#### [THE TASK]
Without the pictures, output the lines of the material from the very first through the one that holds "Vente chaude bonne".

*** Opening GIVEN MATERIAL ***

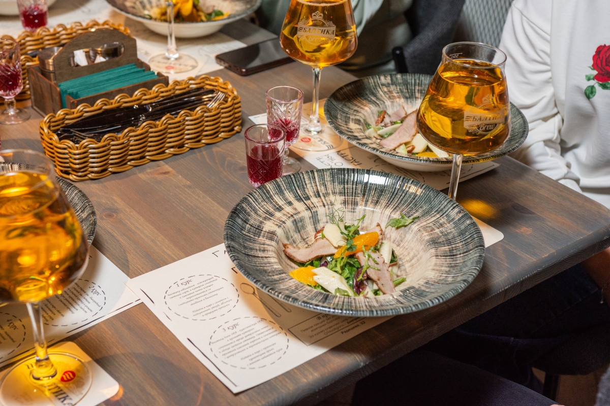 В четверг, 11 декабря, в гастропабе на Радищева, 32, прошёл гастроужин: шеф-повар Дмитрий Цой представил 4 новых блюда, а бренд-амбассадор компании «Балтика» Алексей Виноградов рассказал о секретах производства любимого пенного напитка!
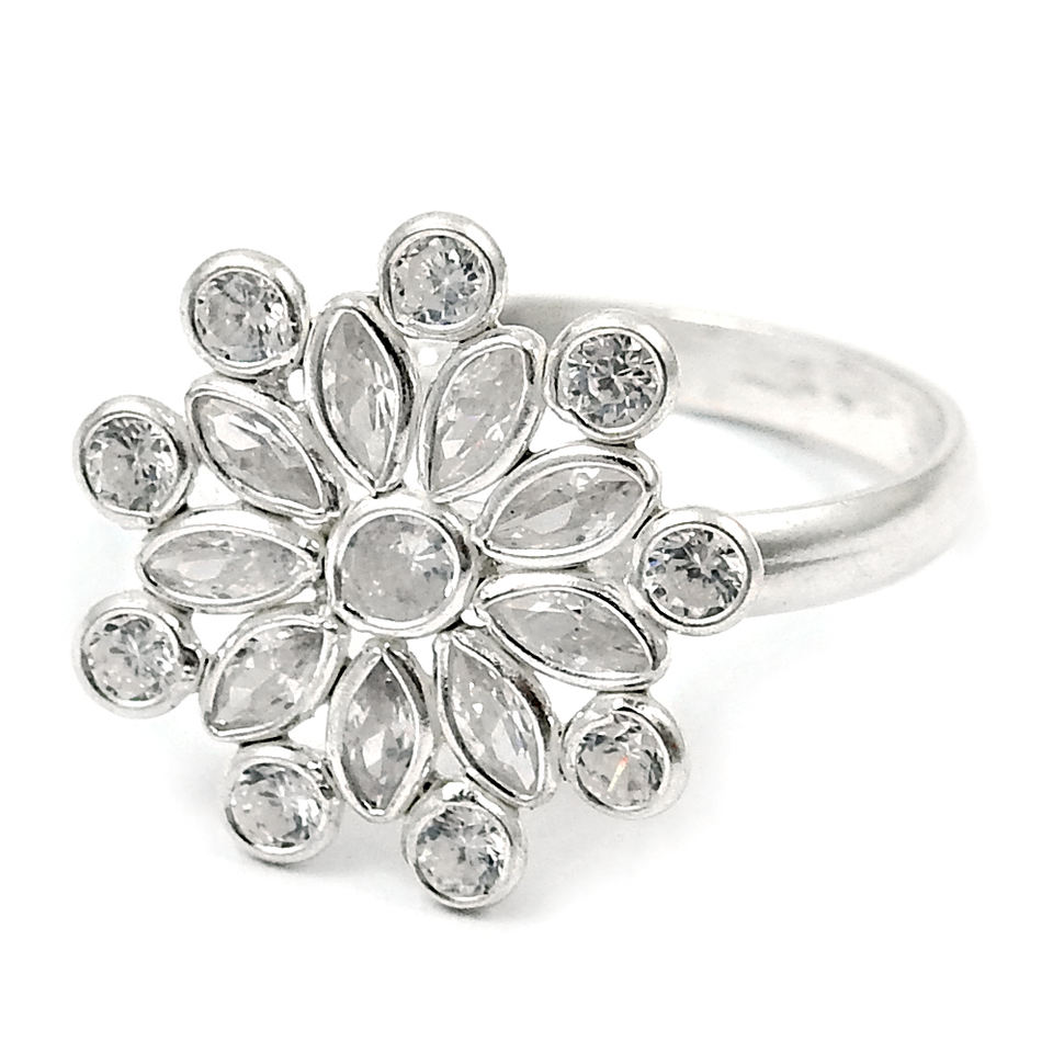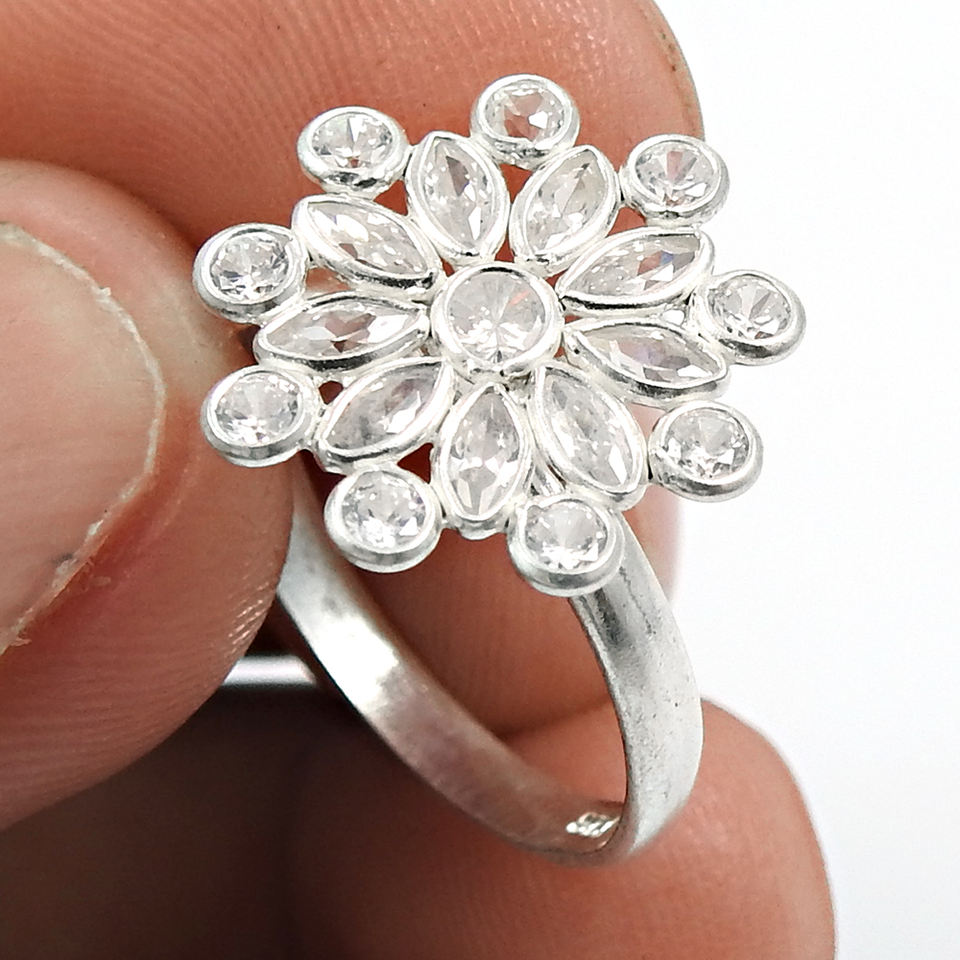 Vente chaude bonne qualité 925 argent Sterling blanc zircon cubique bague en forme de fleur pour fiançailles anniversaire bijoux faits à la main
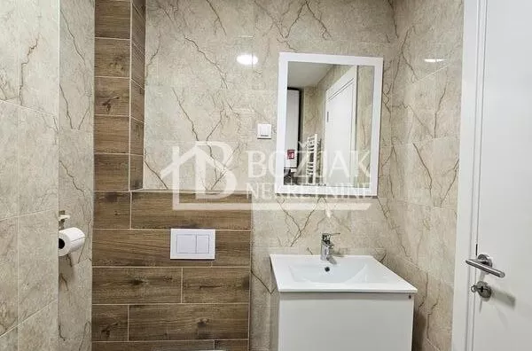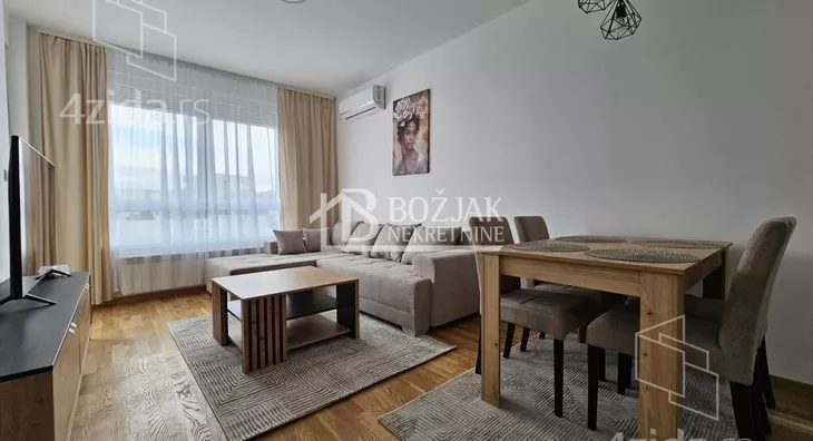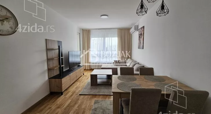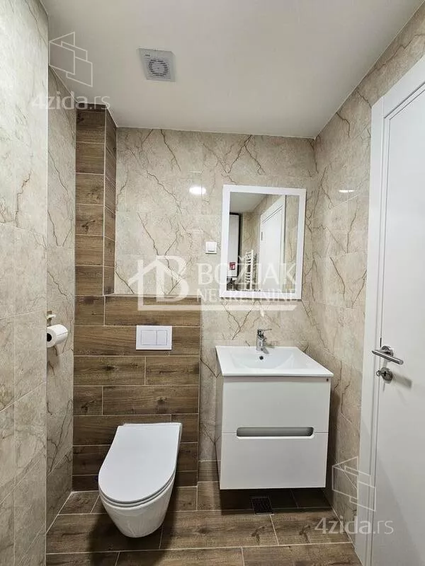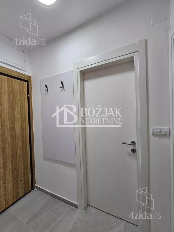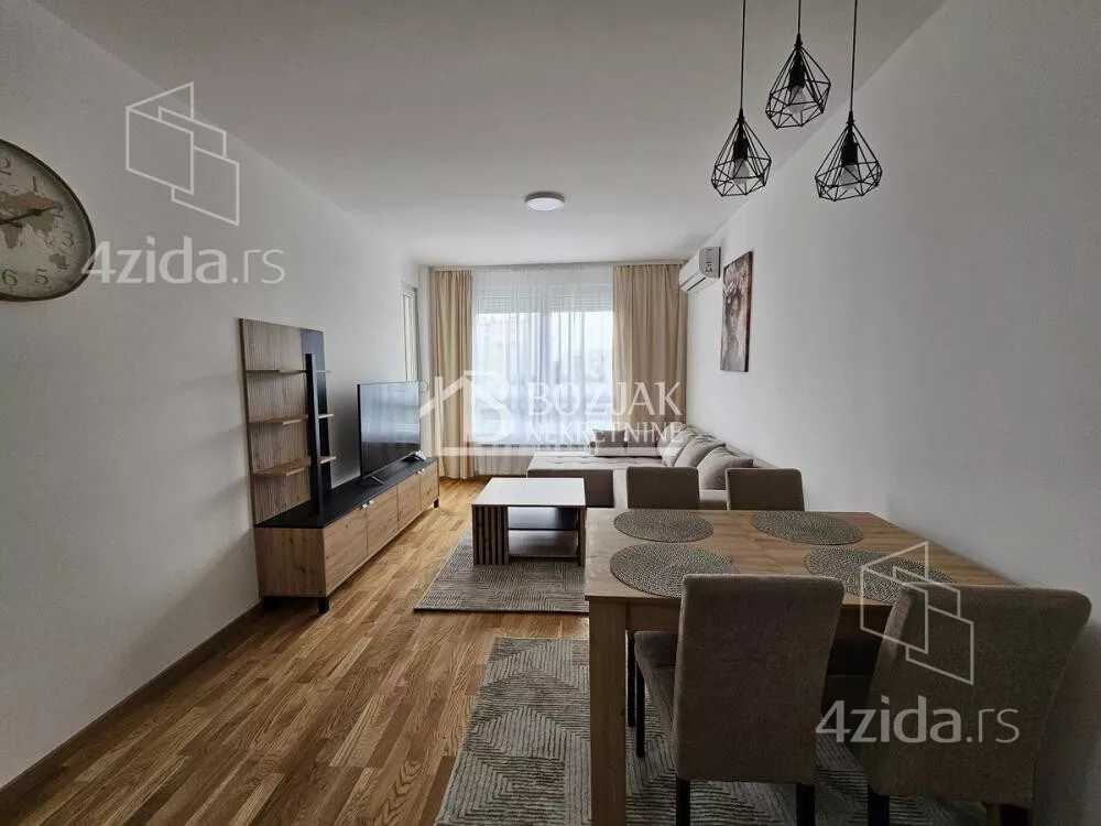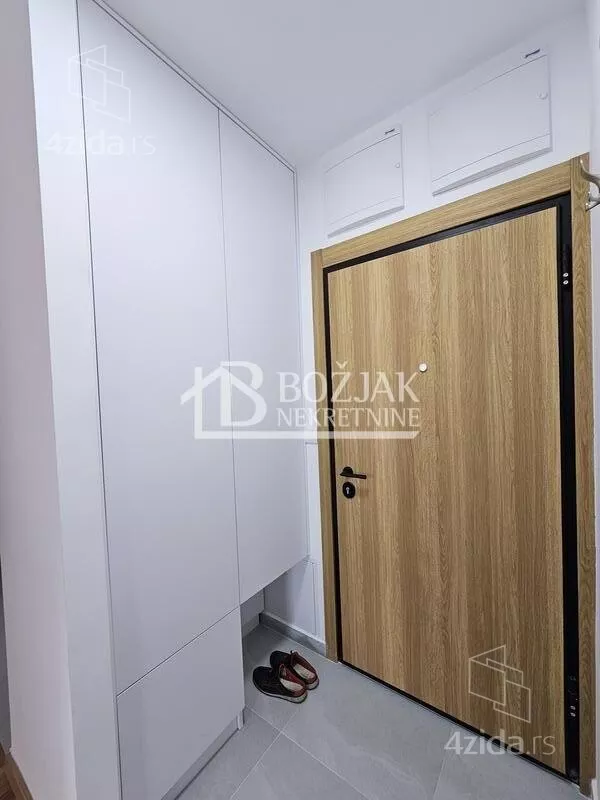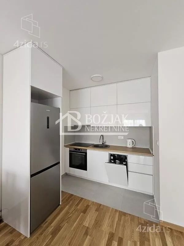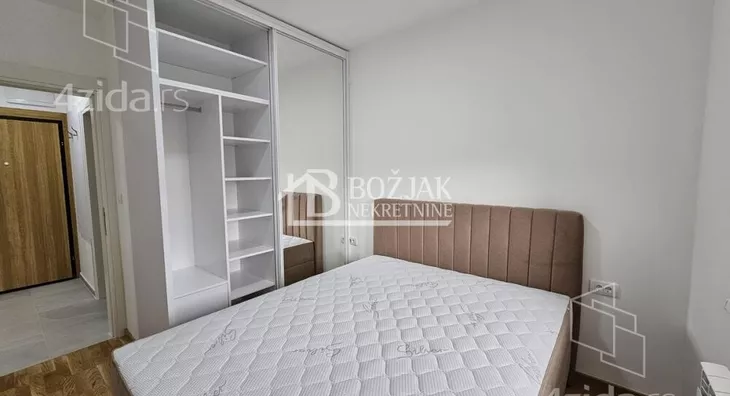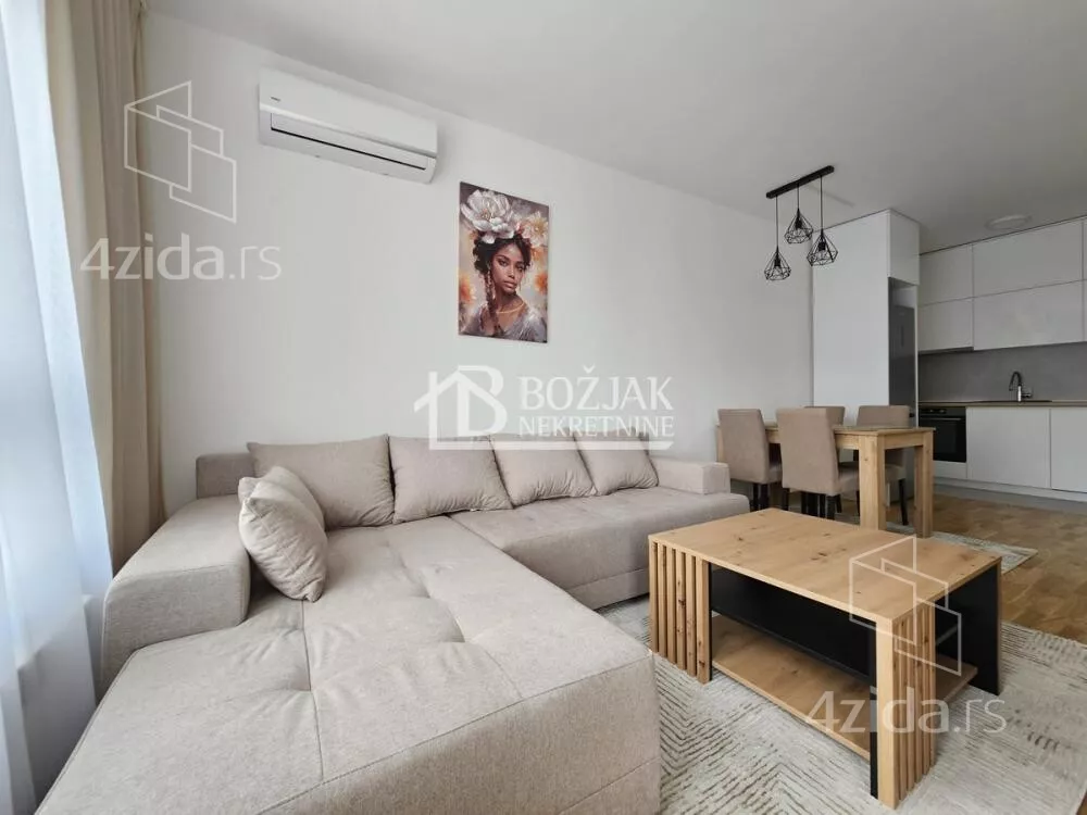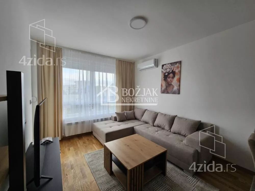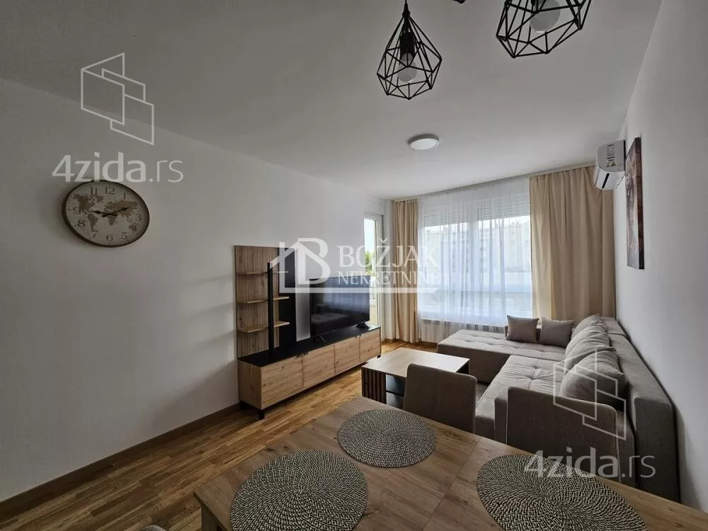 Izdaje se nov, jednoiposoban stan od 41m2, na drugom spratu u zgradi sa liftom i video-interfonom. Stan je u novosagrađenoj zgradi, u blizini Gomex Totala i sada se izdaje prvi put. Stan ima ulaz, kuhinju spojenu sa trpezarijom i dnevnom sobom iz koje se izlazi na terasu, spavaću sobu i kupatilo. Stan je opremljen novim nameštajem, kuhinja je rađena po meri sa ugradnom tehnikom (keramička ploča za kuvanje, rerna, aspirator i mašina za sudove), frižider sa zamrzivačem u nastavku je trpezarijski sto sa stolicama, ugaona garnitura, klub sto i tv komoda sa TV-om.U kupatilu je tuš kabina i mašina za pranje veša. U spavaćoj sobi je veliki američki plakar i bračni krevet. hodniku je plakar sa čivilukom. Grejanje je centralno, hlađenje je na klimu. Stan se izdaje na duži vremenski period (godinu dana). Depozit je u visini jedne zakupnine. Agencijska provizija je 50% prve zakupnine. Agencijska provizija 50%

*** Closing GIVEN MATERIAL ***

#### [OUTPUT OF THE TASK]
 В четверг, 11 декабря, в гастропабе на Радищева, 32, прошёл гастроужин: шеф-повар Дмитрий Цой представил 4 новых блюда, а бренд-амбассадор компании «Балтика» Алексей Виноградов рассказал о секретах производства любимого пенного напитка!
 Vente chaude bonne qualité 925 argent Sterling blanc zircon cubique bague en forme de fleur pour fiançailles anniversaire bijoux faits à la main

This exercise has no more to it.